EXECUTIVE EMPLOYMENT AGREEMENT

          This Executive Employment Agreement (“Agreement”) is made effective as of Sept 01, 2007 (“Effective Date”), by and between Organic Region Group Ltd., a BVI corporation (“Company”) and Luo Xiong (“Executive”).

          The parties agree as follows:

          1.         Employment. Company hereby employs Executive, and Executive hereby accepts such employment, upon the terms and conditions set forth herein.

          2.         Duties.

          2.1       Position. Executive is employed as Chief Operating Officer, and shall have the duties and responsibilities assigned by Company’s Board of Directors as may be reasonably assigned from time to time. Executive shall perform faithfully and diligently all duties assigned to Executive. Company reserves the right to modify Executive’s position and duties at any time in its sole and absolute discretion.

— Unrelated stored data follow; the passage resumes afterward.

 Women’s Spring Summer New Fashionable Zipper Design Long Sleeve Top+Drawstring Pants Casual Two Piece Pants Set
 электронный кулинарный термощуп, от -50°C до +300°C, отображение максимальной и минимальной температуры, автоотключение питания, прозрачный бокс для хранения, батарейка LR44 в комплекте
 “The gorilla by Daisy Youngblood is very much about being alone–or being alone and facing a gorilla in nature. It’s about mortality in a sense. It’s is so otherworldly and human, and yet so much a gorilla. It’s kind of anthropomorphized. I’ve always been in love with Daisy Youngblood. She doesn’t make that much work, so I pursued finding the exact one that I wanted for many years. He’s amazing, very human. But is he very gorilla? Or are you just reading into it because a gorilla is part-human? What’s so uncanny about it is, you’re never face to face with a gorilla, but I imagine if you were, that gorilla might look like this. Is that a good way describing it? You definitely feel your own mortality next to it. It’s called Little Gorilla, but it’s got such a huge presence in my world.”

          2.2       Best Efforts/Full-time. Executive will expend Executive’s best efforts on behalf of Company, and will abide by all policies and decisions made by Company, as well as all applicable laws, regulations or ordinances. Executive will act in the best interest of Company at all times. Executive shall devote Executive’s full business time and efforts to the performance of Executive’s assigned duties for Company, unless Executive notifies the Chief Executive Officer in advance of Executive’s intent to engage in other paid work and receives the Chief Executive Officer’s express written consent to do so.

          2.3       Work Location. Executive’s principal place of work shall be located in 6F No.947,Qiao Xing Road, Shi Qiao Town, Pan Yu District, Guang Zhou, China, or such other location as the parties may agree upon from time to time.

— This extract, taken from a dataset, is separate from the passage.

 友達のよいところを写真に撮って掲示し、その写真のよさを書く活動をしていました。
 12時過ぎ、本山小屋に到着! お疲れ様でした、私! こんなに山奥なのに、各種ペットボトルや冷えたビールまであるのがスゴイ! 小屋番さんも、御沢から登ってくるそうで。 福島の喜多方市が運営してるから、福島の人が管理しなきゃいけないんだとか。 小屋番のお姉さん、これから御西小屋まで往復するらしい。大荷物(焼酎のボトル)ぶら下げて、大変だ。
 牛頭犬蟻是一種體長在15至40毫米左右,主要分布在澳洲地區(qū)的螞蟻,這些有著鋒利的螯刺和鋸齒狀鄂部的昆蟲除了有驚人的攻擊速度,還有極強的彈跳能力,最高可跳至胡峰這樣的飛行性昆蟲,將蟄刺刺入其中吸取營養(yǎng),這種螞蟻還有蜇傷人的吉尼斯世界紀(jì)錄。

          3.         At-Will Employment Relationship. Executive’s employment with Company is at-will and not for any specified period and may be terminated

 

at any time, with or without Cause, by either Executive or Company, subject to section 7 below and its subparts. No representative of Company, other than the Chief Executive Officer of the Board of Directors, has the authority to alter the at-will employment relationship. Any change to the at-will employment relationship must be by specific, written agreement signed by Executive and Company’s Chief Executive Officer. Nothing in this Agreement is intended to or should be construed to contradict, modify or alter this at-will relationship.

          4.         Compensation.

          4.1       Base Salary. As compensation for Executive’s performance of Executive’s duties hereunder, Company shall pay to Executive an initial Base Salary of RMB 360,000 per year, payable in accordance with the normal payroll practices of Company, less required deductions for withholding tax, social security and all other employment taxes and payroll deductions.

          4.2       Incentive Compensation. Executive will be eligible to receive incentive compensation, the terms, amount and payment of which shall be determined by Company in its sole and absolute discretion.

          4.3       Performance and Salary Review. Company will periodically review Executive’s performance on no less than an annual basis. Adjustments to salary or other compensation, if any, will be made by the Company in its sole and absolute discretion.

          5.         Customary Fringe Benefits. Executive will be eligible for all customary and usual fringe benefits generally available to executives of Company subject to the terms and conditions of Company’s benefit plan documents. Company reserves the right to change or eliminate the fringe benefits on a prospective basis, at any time, effective upon notice to Executive.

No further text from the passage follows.